Discover our single-origin Colombian coffees →
Frequently Asked Questions
Is all coffee from Colombia specialty coffee? No. Colombia produces both commercial and specialty coffee. The difference lies in the quality standard of the bean, the production process, and certification. A coffee can be Colombian and mediocre; it can come from a famous region and still be commodity coffee.
Is organic coffee the same as specialty coffee? Not necessarily. "Organic" refers to farming practices without synthetic pesticides. "Specialty" refers to the sensory quality of the bean. A coffee can be organic and low quality, or specialty without organic certification.
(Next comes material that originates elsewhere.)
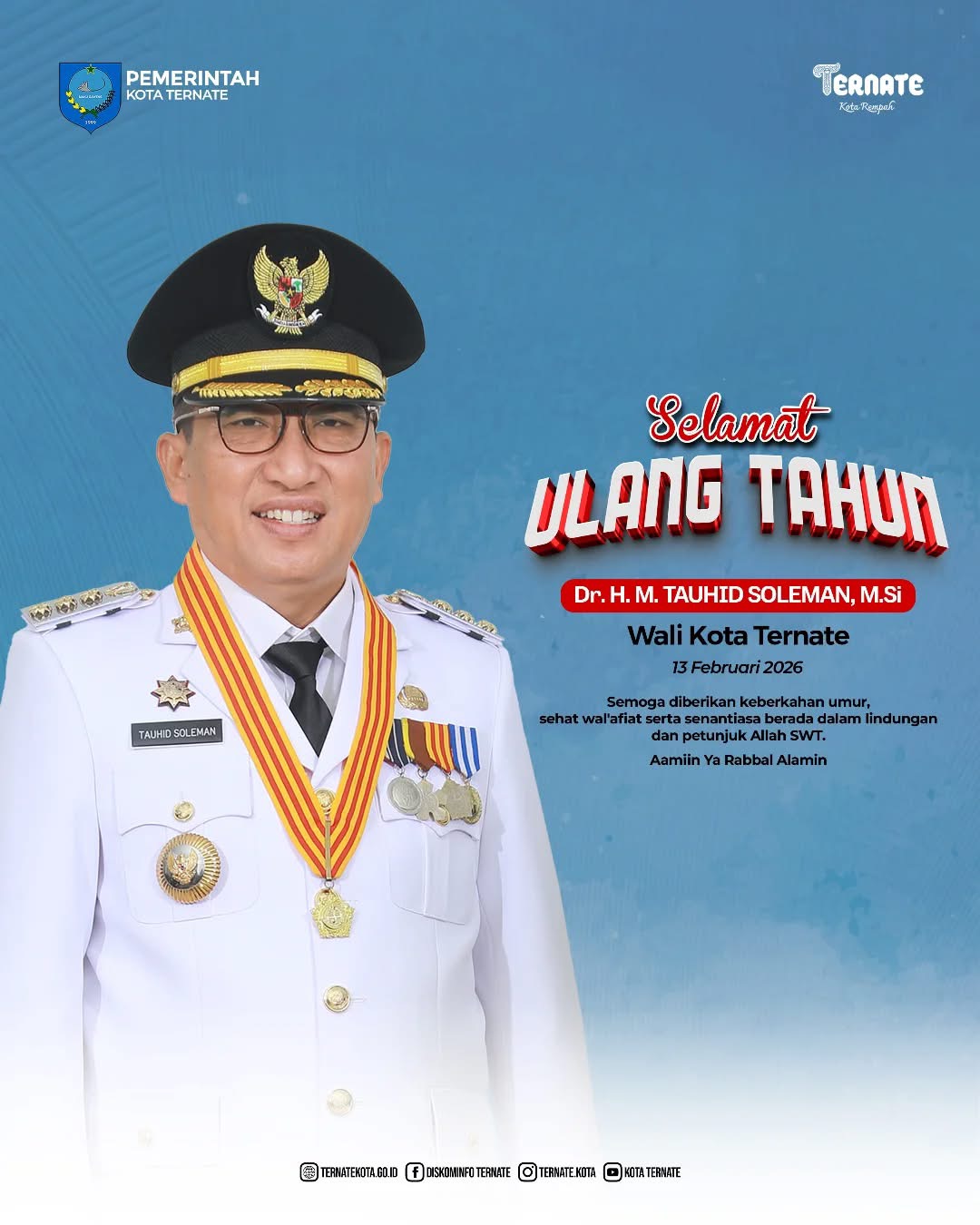 Ternate — Tanggal 13 Februari 2026 menjadi momen istimewa bagi Wali Kota Ternate, Dr. H.M. Tauhid Soleman, M.Si, yang genap berusia 56 tahun.Moment istimewa pemimpin pemerintah daerah dan rakyat Kita Ternate ini tidak dirayakan dengan meriah.Konon H.M.Tauhid Soleman memilih ulang tahunnya secara sederhana karena pertimbangan sanse of crisis atas kehidupan sebagian warganya.

Can I brew specialty coffee in an automatic drip machine? Yes. Although methods like the V60, Chemex, or French Press allow more control, a well-calibrated automatic drip machine can also do justice to a great bean. The most important factors are filtered water, fresh grind, and the right ratio.
How long after the roast date should I drink it? The ideal window for most specialty coffees is between 7 and 21 days after roasting. Freshly roasted coffee is still "off-gassing" CO2 and can taste flat. After 30–45 days, the volatile aromatics begin to degrade. Always look for the roast date — not just the expiration date.
Does specialty coffee have more caffeine? Not necessarily. Caffeine content depends more on the bean variety (robusta has more than arabica) and the brewing method than the specialty level. In fact, many specialty coffees are 100% arabica, which has less caffeine than the robusta frequently used in commercial blends.